Ильич смирно висел носом к стенке (после занятия Денис, разумеется, его развернул в исходную позицию), десяток студентов от пятнадцати до пятидесяти лет смотрели с интересом и — может, показалось? — недоверием. На столе у стены стояла переносная доска и всё было готово к началу.

— Exegi monumentum aere perennius[5]… — раскатистые, звучные строки Горация ложились самым лучшим мостом к древней и строгой красоте, прежде всех падежей и наклонений. Так когда-то на самом первом занятии по английскому в школе учительница прочитала им первую страницу из «Тома Сойера»… и навсегда сразила маленького Дениску магией чужого слова, сочностью и глубиной неясного языка, который — только немного постарайся — откроется и тебе.

А от Горация — мостик к Пушкину, это в одну сторону, и к неизвестному древнеегипетскому воспевателю писцов, это в другую.
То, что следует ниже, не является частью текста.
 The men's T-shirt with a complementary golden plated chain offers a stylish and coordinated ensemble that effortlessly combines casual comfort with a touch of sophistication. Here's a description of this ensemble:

И латинский язык как ворота в мир древней учености и вечной красоты. А теперь переходим к алфавиту — да вы и так его уже все знаете.
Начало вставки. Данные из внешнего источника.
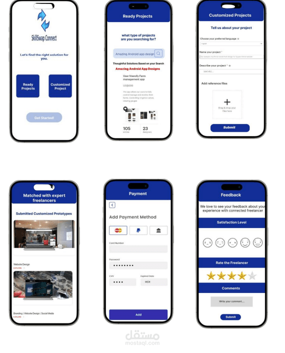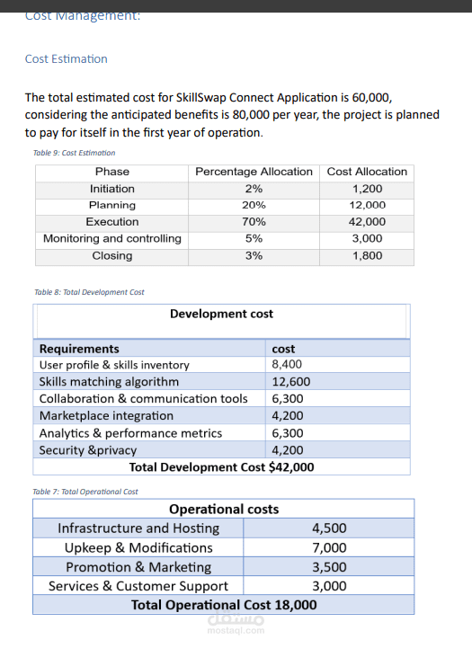 يُعد هذا العمل مشروعاً تقنياً لإدارة المشاريع (IT Project Management) يهدف إلى تطوير تطبيق محمول يُدعى "SkillSwap Connect" ، وهو منصة مبتكرة صُممت لربط الأفراد، الطلاب، والمستقلين لتبادل المهارات التكميلية وتعزيز الابتكار التعاوني. يتميز العمل بكونه نظاماً بيئياً متكاملاً لا يقتصر فقط على التشبيك، بل يضم سوقاً (Marketplace) يتيح للمستخدمين عرض وبيع منتجاتهم المشتركة عالمياً ، مع ميزة فريدة تسمح للعملاء بطلب مواصفات مخصصة للمشاريع. أما عن طريقة التنفيذ، فقد اتبع المشروع منهجية إدارية دقيقة شملت مراحل البدء، التخطيط، والتنفيذ؛ حيث تم استخدام خوارزميات لمطابقة المهارات ، وتكامل مع قواعد بيانات سحابية (AWS DynamoDB) ، مع الالتزام بمعايير صارمة للأمن والخصوصية ، كما تم ضبط الجوانب المالية والجدول الزمني لضمان استرداد تكاليف المشروع البالغة 60,000 دولار خلال السنة الأولى من التشغيل

Всё получилось! С первого раза, на отлично! Его слушали, от алфавита удалось сразу шагнуть к первому склонению, даже текст самый простенький начали читать, Денис наслаждался этим таинством знакомства с языком, словно по волнам скользил под парусом, а гаванью для него были Надины серые глаза. И с этого самого первого раза — когда не хватало уверенности, сил, терпения — искал эти глаза, возвращался к ним, спрашивал безмолвно: тебе как? Ей было — здорово!

Так бы и сегодня, только Надя не пришла — то ли дочка заболела, то ли еще что, мало ли, семья у нее. Да еще ведь и работала, или, вернее, числилась в том же НИИ, где и муж — правда, в последнее время на полставки, номинально. Так что пришлось собирать деньги самому, но это ничего, не впервой — они же друг друга всегда выручают. Сегодня как раз народ вносил деньги за очередные пять занятий.

Он шел теперь по заснеженной улице к метро, в кармане лежали нетяжелым грузом общественные рубли, из которых, впрочем, он заплатит и себе за декабрь. Так ведь куда проще и выгодней, чем в этих всех казенных институтах! Сам себе голова.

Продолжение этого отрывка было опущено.